Entre dezembro de 1978 e janeiro de 1979, a banda se dividiu por dois estúdios, o Roundhouse e o Sound Development, ambos em Londres. "Estivemos por lá umas seis semanas", declarou o líder da banda. "Tivemos muito tempo em relação ao disco anterior, que gravamos em três dias. Mas, paralelamente, também estávamos fazendo shows. Então foi um bom termômetro para ver se aquele material estava dando certo."

Uma das faixas de "Overkill", "Metropolis", foi feita às pressas para que o disco fosse finalizado. Afinal, horas e horas no estúdio custam caro. E os músicos não eram ricos. A canção foi inspirada no filme de mesmo título do alemão Fritz Lang (1890-1976). "Tive que criar algo do dia para a noite. E lembro que fui no cinema em Portobello Road naquela noite. Assisti a 'Metropolis' e isso me deu a criatividade que faltava para criar uma música", descreveu Lemmy.

"Overkill" fez com que o Motörhead conquistasse mais fãs e bons números de alcance nas rádios da Inglaterra. O disco provou ao mundo a força do grupo. Mas ainda era pouco. Em outubro, veio o "Bomber", e a coisa ficou ainda mais séria.

Como "Overkill" foi um dos 30 discos mais tocados na Inglaterra, o Motörhead foi convidado — duas vezes! — para tocar no programa "Top Of The Pops". Isso já era o suficiente para considerar o grupo como um dos mais legais daquele tempo, mas Lemmy não estava satisfeito. Principalmente, porque todos continuavam "pobres", ganhando "apenas" 40 libras por semana.

"Foi uma época complicada, e a gravadora achava que aquilo que conquistamos foi por sorte. Então, eles pediram um novo álbum até o fim do ano. Tivemos que correr, mas, quer saber, fodam-se eles", bradou Lemmy.

Lemmy Kilmister em sua casa em Londres, em agosto de 1980/Getty Images
Lemmy Kilmister em sua casa em Londres, em agosto de 1980/Getty Images

Antes de começar a desenvolver "Bomber", o Motörhead ficou três dias preso na Finlândia, sob a acusação de que a banda teria "destruído todo o palco" do festival Punkaroka Midnight Sun. "Ao menos, fazer o novo disco nos afastou de confusões", disse o líder do grupo. Mas, bem, isso não é inteiramente verdade, pois as drogas utilizadas pela equipe de produção e pelos músicos causaram alguns problemas até a conclusão do álbum.
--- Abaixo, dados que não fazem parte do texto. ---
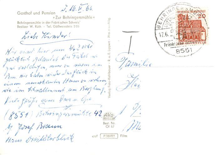 73887290 alte Postkarte Behringersmuehle Goessweinstein Gasthof Pension Zur Behringersmuehle postalisch gelaufen Erhaltung siehe scans [FriedD77] KatCode: 11110009474129

"Eu só usava speed (anfetamina) porque me ajudava a fazer bem meu trabalho", garantiu Lemmy. "Mas no caso de Jimmy Miller, a heroína acabou com ele. O cara se atrasava demais para as gravações e dava as piores desculpas."

Ao menos, essa situação constrangedora do com produtor Jimmy, que foi demitido pelos Rolling Stones por conta de seu vício, inspirou a faixa "Dead Men Tell No Tales", cuja letra é totalmente anti-heroína. Isso pode soar como hipocrisia, uma vez que Lemmy era uma "farmácia ambulante", mas ele não admitia que as drogas atrapalhassem seu trabalho.

Graças a essa "ética profissional" de Lemmy, o Motörhead conseguiu lançar o seu disco mais clássico, e um dos mais bem recebidos pelo público. Eles até poderiam ser amedrontadores, grosseiros, drogados e mal-encarados, mas faziam música boa e estavam, a partir desse álbum, realmente fazendo dinheiro.